Benarkah Ore Kadar Rendah Tidak Dapat Diolah Smelter Dalam Negeri?
Ada kekhawatiran dari sejumlah pihak pada ore kadar rendah yang berisiko ditumpuk, lantaran tidak dapat diolah oleh smelter dalam negeri.
Editor: Hasiolan Eko P Gultom
TRIBUNNEWS.COM, JAKARTA – Larangan ekspor ore nikel yang akan berlaku awal tahun 2020 rupanya menyisakan kekhawatiran dari sejumlah pihak pada ore kadar rendah yang berisiko ditumpuk, lantaran tidak dapat diolah oleh smelter dalam negeri.

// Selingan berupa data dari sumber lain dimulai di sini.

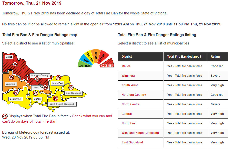 You can access current and updated CFA Total Fire Ban advice and ratings here: https://www.cfa.vic.gov.au/warnings-restrictions/total-fire-bans-and-ratings
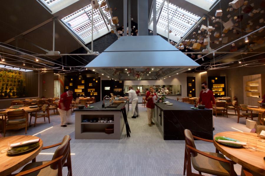 Omeraki Restaurant embodies sustainability through its visionary interiors designed by Enrique Barrera. Collaborating with Roca, Barrera immerses the user in a narrative of environmental consciousness with cutting-edge energy-saving technologies.
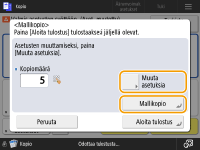 Muuta asetukset valitsemalla <Muuta asetuksia>. <Mallikopio> näkyy, kun asetukset on muutettu. Kopioi malli uudelleen.
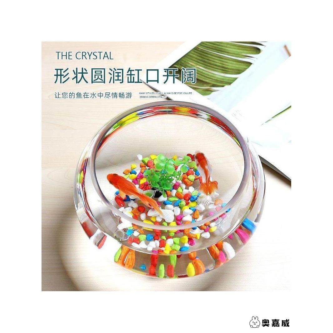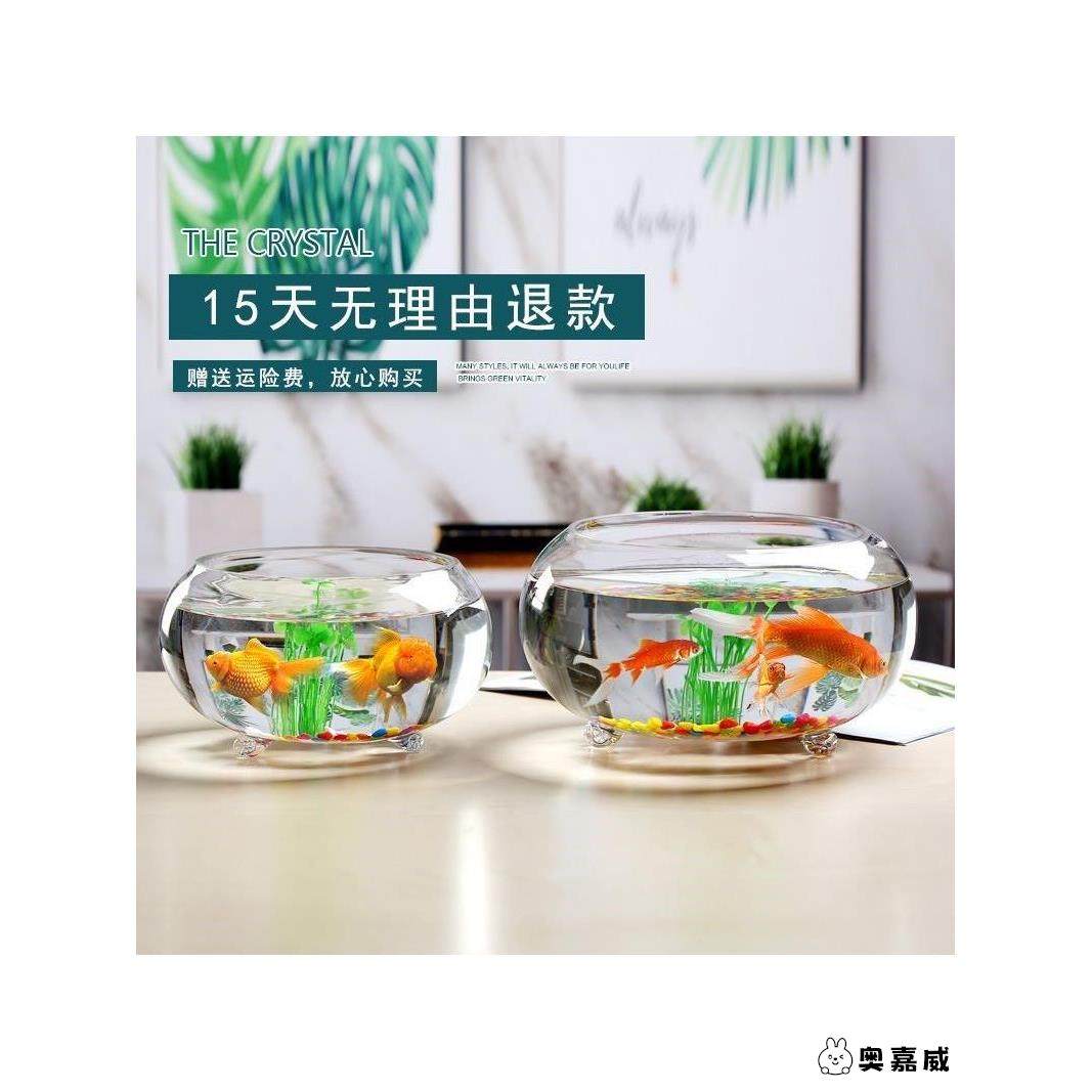 创意加厚带脚透明玻璃圆形金鱼缸客厅小型鱼缸家用桌面水培乌龟缸
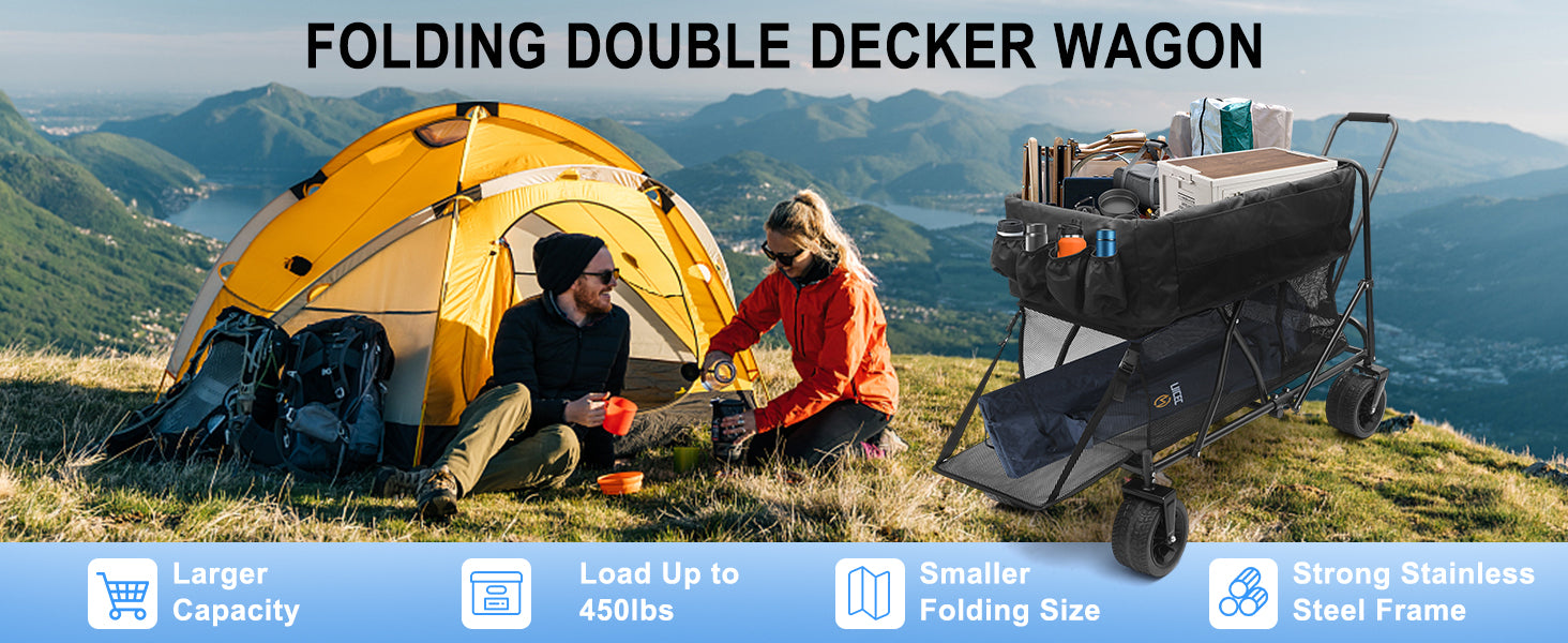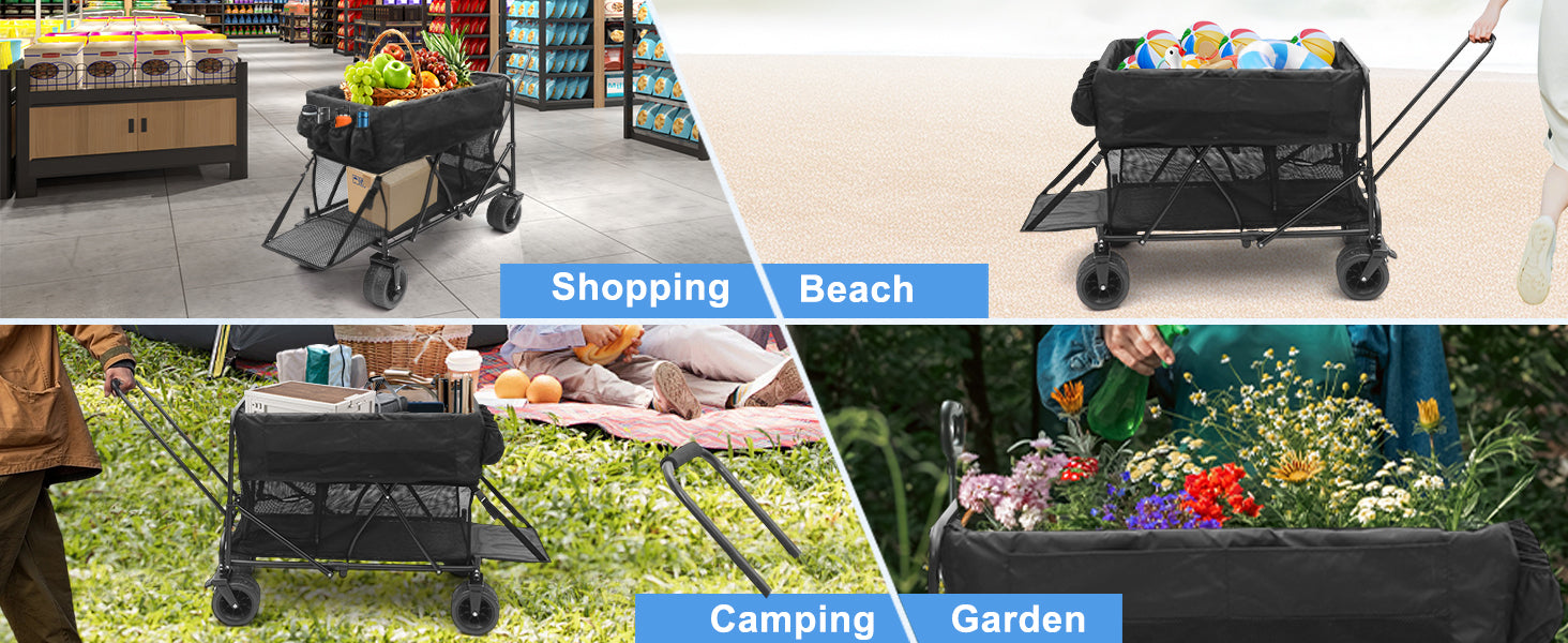 💪 Heavy-Duty & Durable – Supports up to 450 lbs with a sturdy metal frame for camping, sports, groceries, or outdoor events.
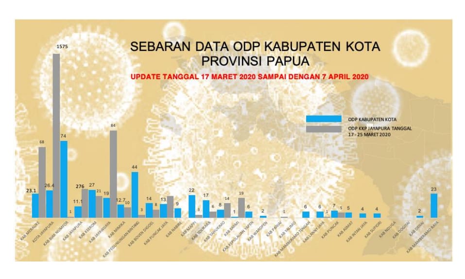Update 7 April 2020, dari Satgas Covid 19 Papua menujukkan jumlah kumulatif pasien positif sebanyak 31 orang, dalam perawatan 22, sembuh 5 orang, meninggal 4 orang dan 3256 ODP serta 44 orang dalam pengawasan tim surveilance tim Satgas Covid-19 Papua.

Lalu, benarkah ore kadar rendah tidak dapat diolah oleh smelter dalam negeri?
Penambang asal Sulawesi, Zaldy Layata mengungkapkan kekhawatirannya pada ore kadar rendah 1,4% - 1,5% akan ditumpuk.
Menurut Zaldy kadar ore nikel minimum yang biasanya dapat diolah industri smelter di Indonesia adalah kadar 1,8%, sedangkan kadar 1,7% terkadang diterima oleh smelter, meski kata Dia sering ditolak.

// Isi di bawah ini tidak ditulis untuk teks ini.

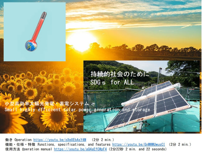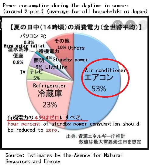 In my home, we use electricity generated by the small highly efficient solar power generation and storage system of my development for air conditioner for about four hours in the afternoon, when its electricity consumption volume becomes bigger during the day in summer.
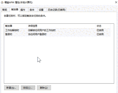 触发器:新建2个触发器,一个是“登录时”,一个是“工作站解锁时”
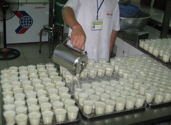Sữa đậu nành chế biến tại trường là thức uống chính cho các em học sinh Duy Tân trong các bữa ăn sáng.
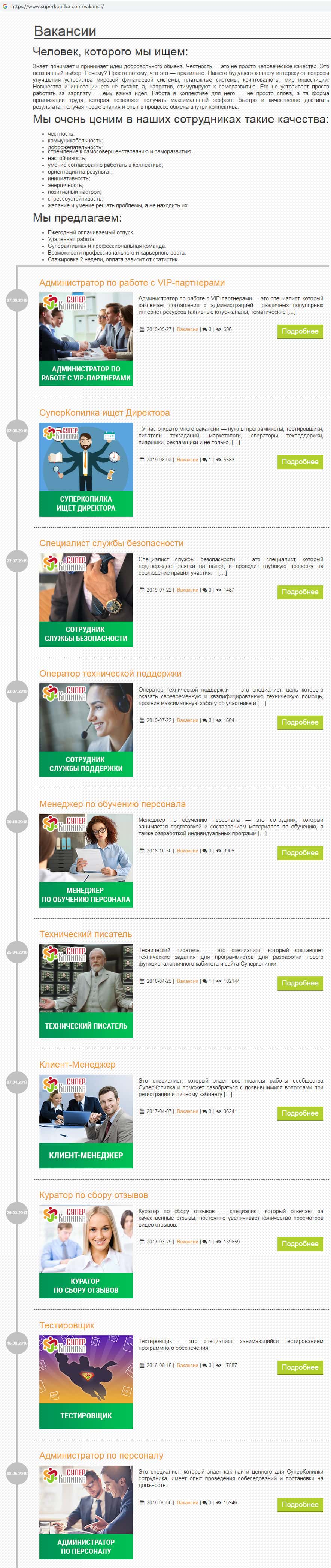 - Мошенники Супер Копилка заманивают пользователей на свой сайт, предлагая вакансии для работы в компании

Zaldy mengaku pihaknya tengah menjajaki kerjasama dengan smelter-smelter domestik untuk persiapan Januari 2020. Untuk itu, Zaldy sudah mulai memproduksi kadar tinggi (high grid) agar dapat diserap smelter domestik.
"Biasanya kami 'kawinkan' ore nikel berkadar 1,5% dengan ore nikel berkadar 1,9% hingga dapat menghasilkan kadar 1,7%, atau 'kawinkan' ore nikel berkadar 1,6% dengan ore nikel berkadar 1,9% hingga dapat menghasilkan kadar 1,8%", kata Zaldy dilansir Kontan.

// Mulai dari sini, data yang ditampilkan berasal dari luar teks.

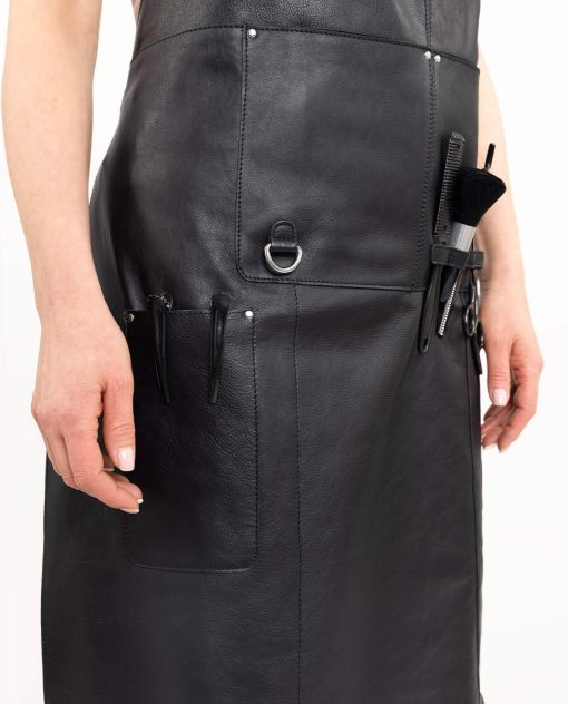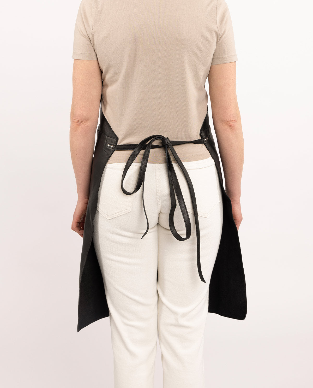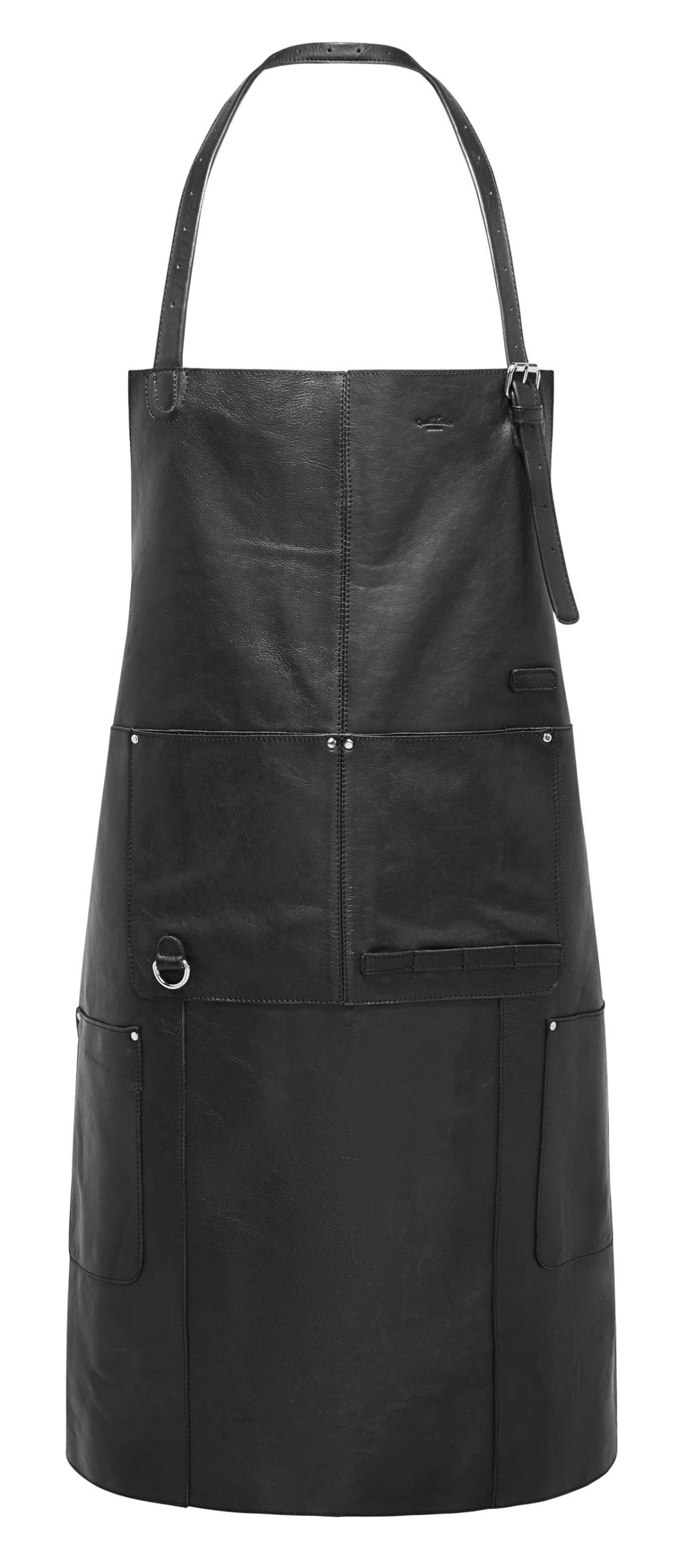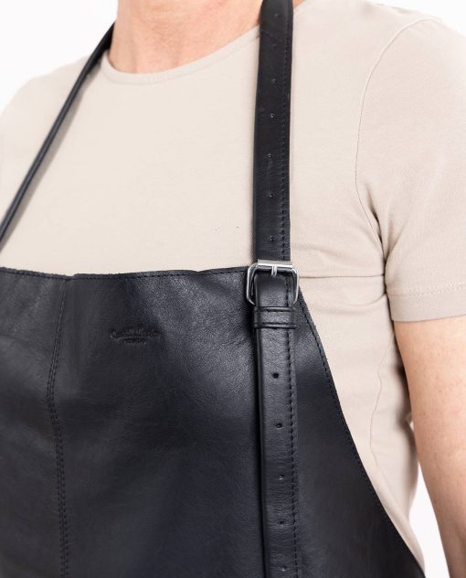 OUr high-quality leather apron “Mattheo” will impress you with its design and functionality. This sturdy black leather apron protects you from dirt and splashes when you’re cooking, grilling or doing other messy activities. The durable leather protects you during messy tasks, while the timeless design elevates your look.

Secara terpisah, Wahyudi Agus selaku penanggung jawab teknik & lingkungan smelter asal Sulawesi Tenggara, PT Virtue Dragon Nickel, menjelaskan bahwa ore kadar rendah bisa saja diolah, namun diperlukan proses tambahan untuk mengolahnya.
Menurut Dia, barang yang masuk dari penambang belum tentu sesuai yang diharapkan (kadarnya). Maka pihaknya perlu melakukan blending untuk pendekatan (kadar nikel) seperti yang diinginkan dari sisi metalurgi.
"Kendalanya disitu untuk proses produksi, karena harus dipertimbangkan juga outputnya. Jadi bukan tidak bisa (diolah), tapi costnya lebih tinggi. kalau Ore dengan kandungan nikel sebesar 1,8% masih masuklah. Kandungan nikel dibawah itu nanti akan kami blending. Kalau kandungannya dibawah 1,75% ya tetap diblending. Kadar nikel yang biasanya dihasilkan setelah diolah sekitar 10-13%”, ujar Wahyudi.
Sementara itu, perusahaan smelter asal Bogor, PT Trinitan Metals and Minerals, Tbk (PURE) mengklaim pihaknya sudah memiliki teknologi yang mampu mengolah ore nikel kadar rendah bahkan hingga kadar 1% sekalipun.
Deputy Director Trinitan Metals and Minerals, Andika Vidiarsa menjelaskan bahwa ada keterkaitan antara teknologi yang dimiliki smelter dengan biaya produksinya.
Menurut Dia jika smelter memiliki teknologi yang mumpuni, maka biaya produksi akan semakin efisien.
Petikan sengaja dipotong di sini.